Key contributions are: (i) a VLM‑LLM pipeline that automatically extracts semantically meaningful phases from raw visual demonstrations; (ii) a phase‑aware downsampling strategy that accelerates execution without sacrificing task‑critical accuracy; (iii) a lightweight DTW‑based label propagation method that scales the semantic segmentation from a single annotated episode to an entire dataset; and (iv) a demonstration that these techniques can be applied to existing BC pipelines without any architectural changes or extra training data.
Limitations are acknowledged. The quality of the semantic segmentation depends on the VLM‑LLM’s ability to correctly infer 3‑D relations, which can be challenged by occlusions, reflective or transparent objects. DTW‑based propagation assumes that dynamics‑only features are sufficiently discriminative; in highly redundant or noisy motion data the alignment may become costly or ambiguous. Future work is suggested to improve multimodal attention mechanisms for more robust relation extraction and to explore more efficient time‑series alignment algorithms (e.g., soft‑DTW, learned warping functions) to reduce computational load.
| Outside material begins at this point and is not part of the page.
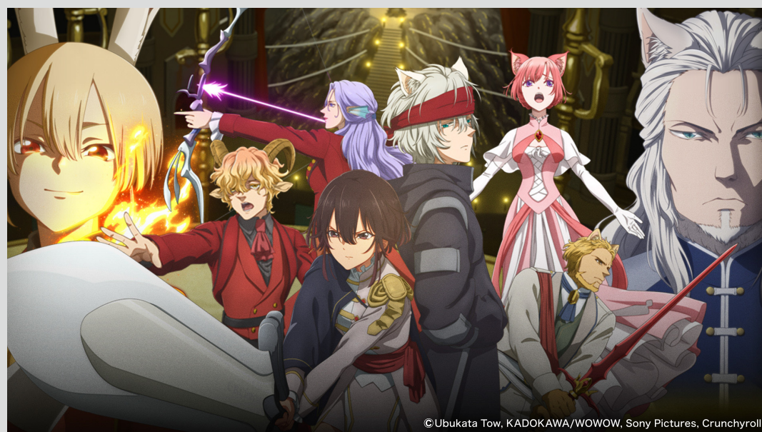
Bye Bye, Earth

Since WOWOW's first original animation "Brain Powerd" in 1998, we have brought numerous animation titles to life.

In summary, ESPADA offers a practical, plug‑and‑play solution that bridges the gap between human‑like demonstration quality and robot‑level execution efficiency. By leveraging task semantics and spatial context, it enables robots to operate at speeds comparable to engineered controllers while retaining the adaptability and precision of imitation‑learning policies, thereby advancing the feasibility of real‑time, high‑throughput robot manipulation in industrial and collaborative settings.